It is not ‘scanning’ in the sense that the AI is reviewing all your photo content prior to uploading to iCloud. Apple punctuates this, stating, ‘This feature does not work on your private iPhone photo library on the device.’ It is screening for a hashtag match to hashtags corresponding to images in the CSAM database. (And yes, this does sound very much like PhotoDNA). Otherwise, Apple already stated in their original announcement that the device is unaware of the actual images stored on it. In the common usage of the term ‘scan’, it is not scanning any images on your phone or other device, including those matching to the CSAM database; merely the hashtags, which thy point out cannot be reverse engineered to an actual image. In short, the actual images on your phone are irrelevant and useless to this screening method. And unless you’re uploading this to iCloud, no one knows what you have on your device – not even the device.

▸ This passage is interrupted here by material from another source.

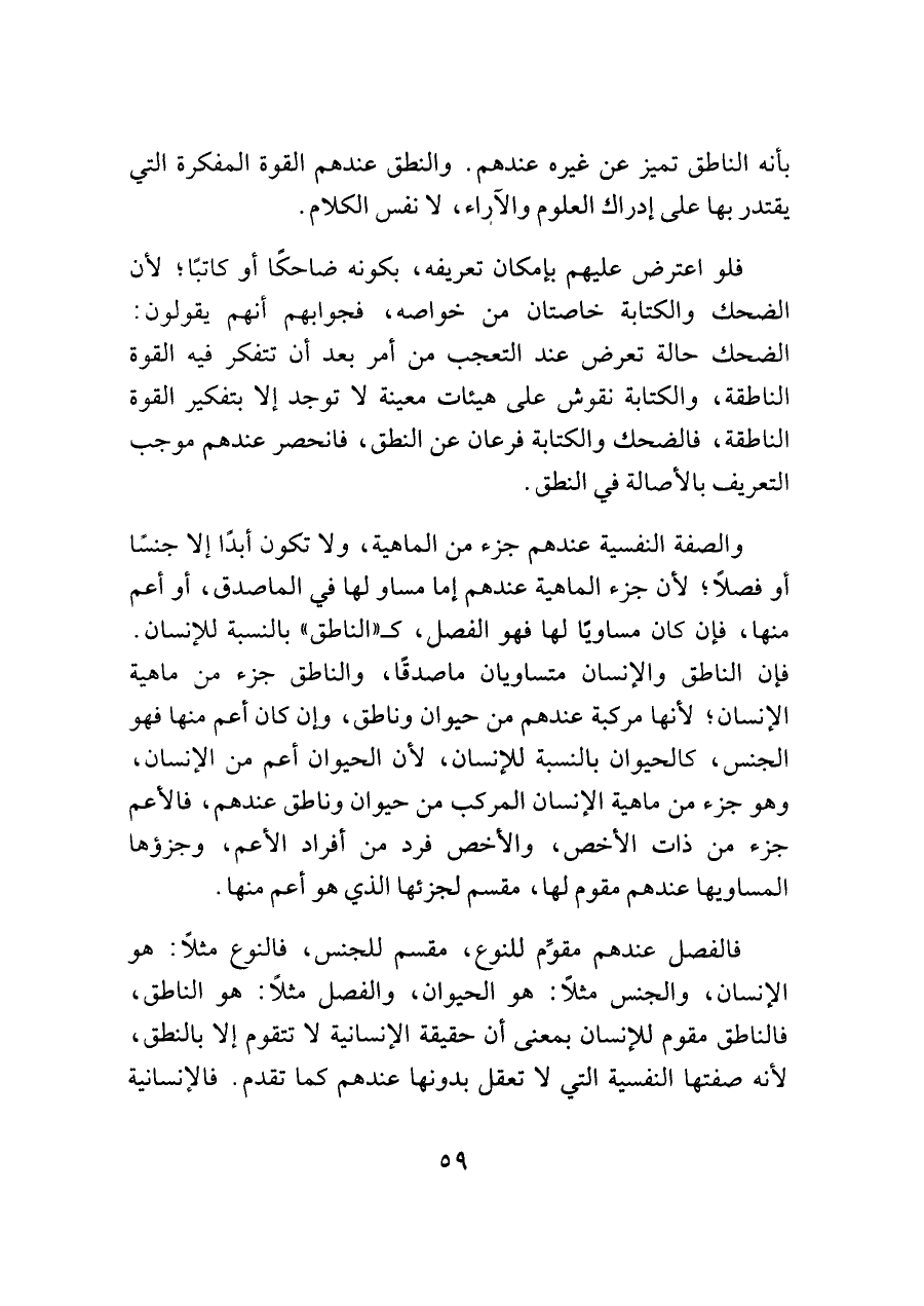 فلو اعترض عليهم بإمكان تعريفه، بكونه ضاحكًا أو كاتبًا؛ لأن الضحك والكتابة خاصتان من خواصه، فجوابهم أنهم يقولون: الضحك حالة تعرض عند التعجب من أمر بعد أن تتفكر فيه القوة الناطقة، والكتابة نقوش على هيئات معينة لا توجد إلا بتفكير القوة الناطقة، فالضحك والكتابة فرعان عن النطق، فانحصر عندهم موجب التعريف بالأصالة في النطق.

I think you’ve updated most of these points further down, in any case.
Thanks for posting this; it is a very useful PSA and analysis, given the community interest and volume of discussion over the weekend.
“Basically, it works by creating a hash of a photo or video, comparing it to known child pornography hashes in NCMEC’s Child Victim Identification Program database, and seeing if there’s a match.”
Am I reading this correctly that if the image is original then the process wouldn’t find a match?
As far as I understand it, that is correct. It can only scan for images of CSAM that they already know about. The hope is that if they catch someone with known CSAM, maybe they have content that is “unknown” CSAM, and then they can add it to their database.
If one of these people made an original piece of content, it wouldn’t be detected unless/until they were caught by law enforcement and those images were added to the database.
Dear Mr. Orr,
in the following statement:
“Apple says that customer data is encrypted in transit and on iCloud servers. This includes both the Photos app and content stored in iCloud Drive”
you missed one very important detail. The data is encrypted at the rest on iCloud Drive ONLY in case that 2FA is ON.
https://support.apple.com/en-us/HT202303
Aha, thanks!